The funny thing is, I'd written gay characters, I'd written incest...and neither of those things gave me a moment's pause. But writing fanfic, period, and then writing gay relationships (with or without incest) with other people's characters gave me all kinds of vapors and pearl clutching. All of which seems adorably twee (and more than a little embarassing) at this stage in the game. But that's just how it happened.
I've been trying to think of how to characterize my Supernatural experience specifically. Supernatural (and the attendant RPF) are, I think, my One True Fandom.
That is, there's lots of things I'm fannish about, there's lots of fandoms (in varying degrees of obscurity) that I've written stories in (and will probably continue to do so), but SPN was a perfect storm.
Of me being ready to have that first big fandom experience. Of a show jam-packed with all the things that speak to my creative id-brain, from the actors to the genre to the story to even the music and cinematography. And, then finally, a friend/peer group of REALLY insanely imaginative and talented people to knock around and 'play' with.Being in this fandom not only represents the bulk of my writing life by sheer quantity, but in terms of MONUMENTAL inspiration. I have never written more and I have never written more passionately than I have in this fandom.
Well, it started for me with the actors. I'd loved Jensen in Dark Angel and I'd subsequently followed him to Dawson's Creek and then Smallville; I'd adored Jared in Gilmore Girls and was overjoyed at the prospect of seeing him co-headline a show. The fact that he'd be doing so with Jensen was just....amazing! I was over the moon excited.
And then, going back to my nerdily fannish family, we're HUGE horror buffs and we love supernatural stories. It was pretty routine for us to go to the video store on a Friday night, rent all the Nightmare on Elm Street movies or all the Friday the 13th movies or just 8 or 10 random horror movies and then hole up for the entire weekend, marathonning our way through them. So, not only was I getting these actors that I already knew I loved, I was getting them in a show that fell right in my wheelhouse of interests.

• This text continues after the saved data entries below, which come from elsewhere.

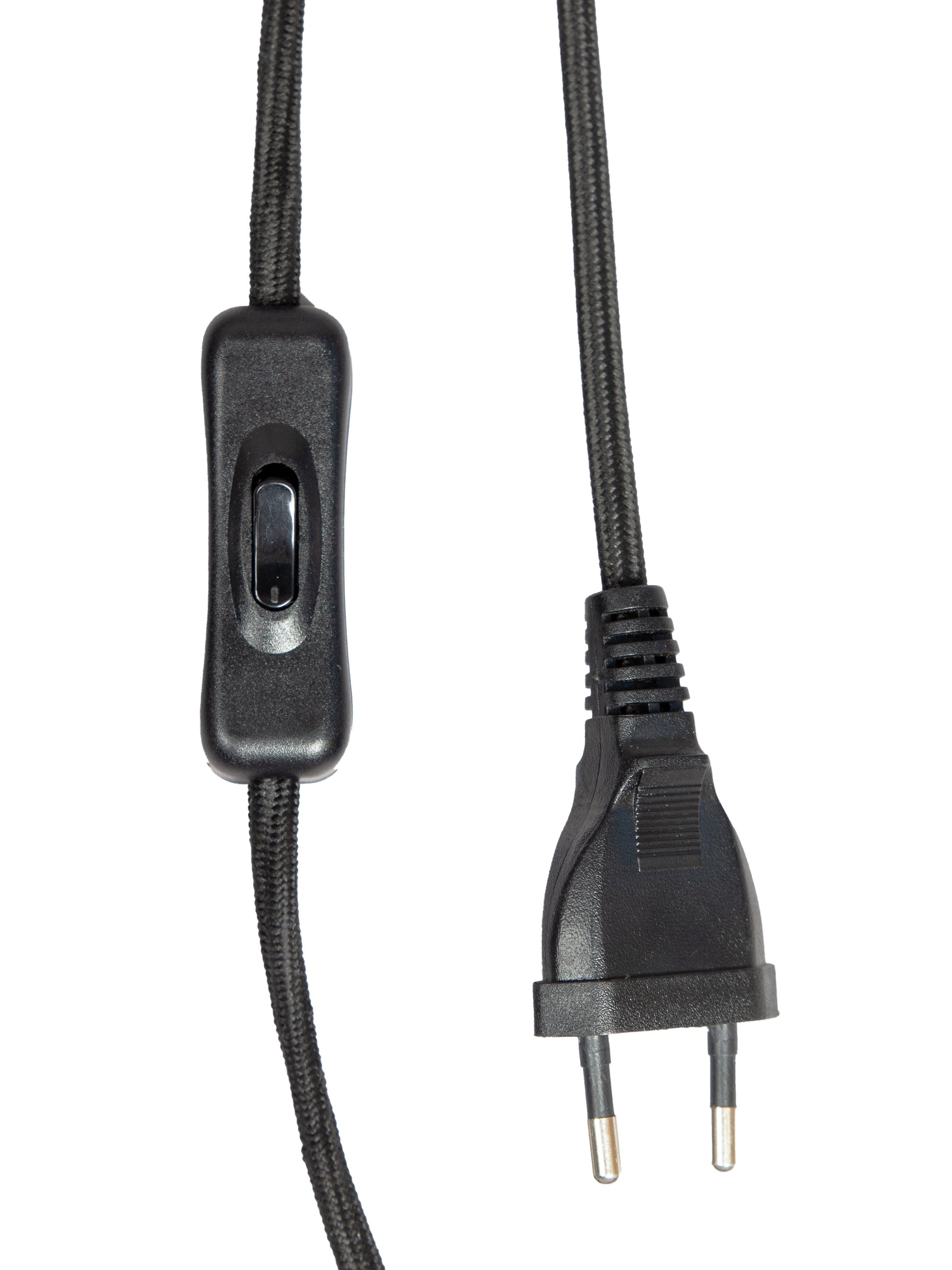 Svart sladd med strömbrytare och väggkontakt. E27 lamphållare. Lamphuvud är ledad för horisontell justering av lampskärmen. Max 40W. IP20.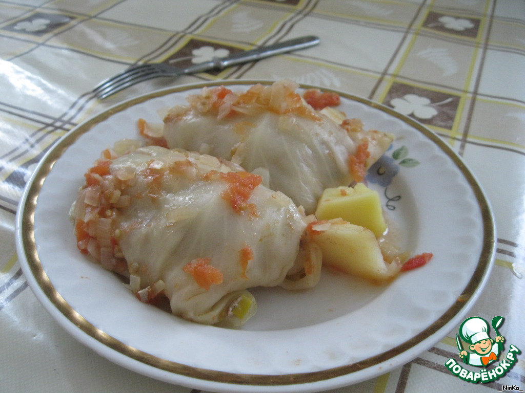 Очень вкусное блюдо. Нежный фарш, завернутый в капусту.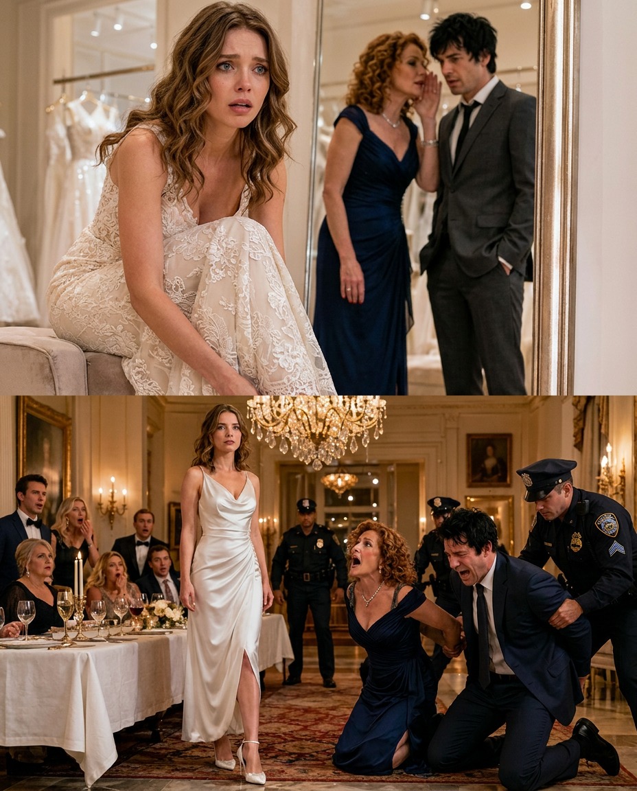 The boutique curtain was only half drawn, pins shimmering along the hem of my dress, when Patricia Vale’s voice slipped through the partition.
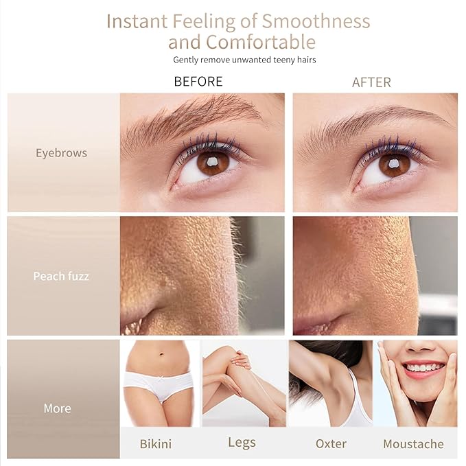 - Convenience and Versatility: This multifunctional Dermaplaning Tool can be used on various areas of the face, not just the eyebrows. It effectively removes peach fuzz, upper lip hair, facial and body hair, underarms, bikini, dead skin cells and more, giving you smoother skin for perfect makeup application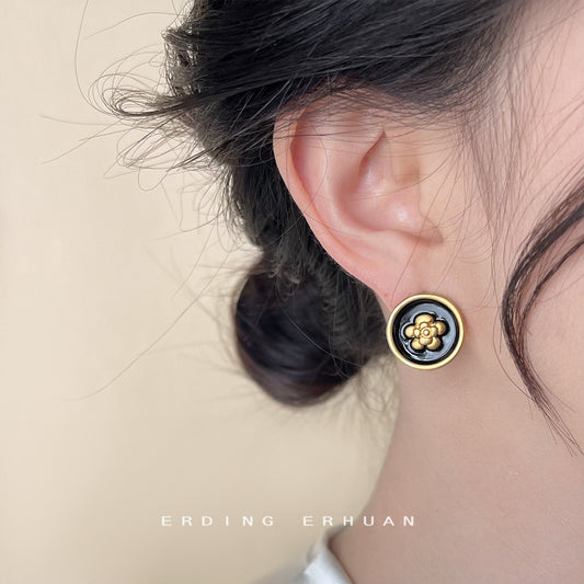 C廠【4236】小香風霧面黑色滴釉茶花耳環氣質優雅通勤百搭配飾耳環耳飾女 24.06-2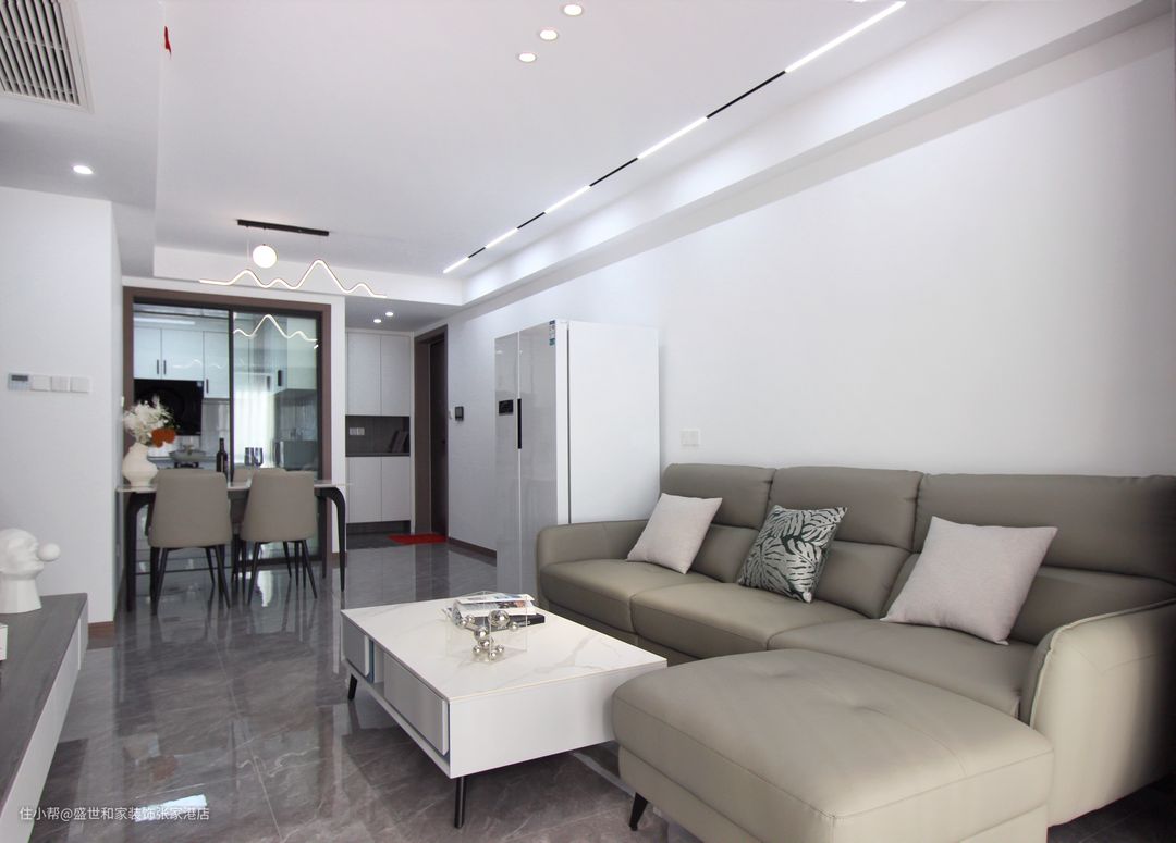 客厅以全白基调为主,采用简练的设计手法将空间感做到最大,吊顶使用了无主灯设计,顶面没有了大型灯具自然就不会有压抑感,用磁吸轨道灯和筒灯代替吊灯,使得空间更有纵深感。

And then, the part that makes the rest of it hold together for me--both pre-air and post--is that, for all the outward trappings, it's a show about family. Two brothers, searching for their missing father.
And then, once I'd started watching, there's a lot in the show itself that speaks to me on a very personal level. I grew up in the Midwest. I was born in Chicago, but I spent a good percentage of my time with my father's family in (very) rural Illinois, and so that blue collar, Midwestern sensibility, the classic car, the classic music, the leather jacket and swagger was straight from the backdrop of my own life. As well, my family was pretty poor and we did a lot of...well, less than ideal living, and moving a lot, often just ahead of eviction. Again, it was mainly within Chicago itself, but I could--did, DO--relate in a really visceral way. With Dean, I saw the part of myself that is the older sibling, the one who had to both raise and protect my younger brother, the one who had to bear an unfair portion of the burden as co-parent at a point in time when you're really too young to be trusted with your own life let alone someone else's; in Sam, I saw the part of myself that DEEPLY resented that life and wanted nothing more than to be and find and live "normal", all the while life itself seemed to be conspiring against any efforts to make it so. ...so really, the show had (somewhat literally) ME written all over it.And in later seasons, there's still that strong bond of family with Sam and Dean, but it's enlarged to encompass my other interest in found family; the family that we make for ourself when we leave the nest and go out in the world. I mean...there's a lot I love about the show and there's a lot to love, but without that interweaving story about family and what it means and what you'll do for family, I don't know that any of this would've held me so enchanted for so long. I mean...it's been EIGHT YEARS, and I was still flopping around on my couch making dolphin noises last night just like it was the first year. I can't say that about too many shows.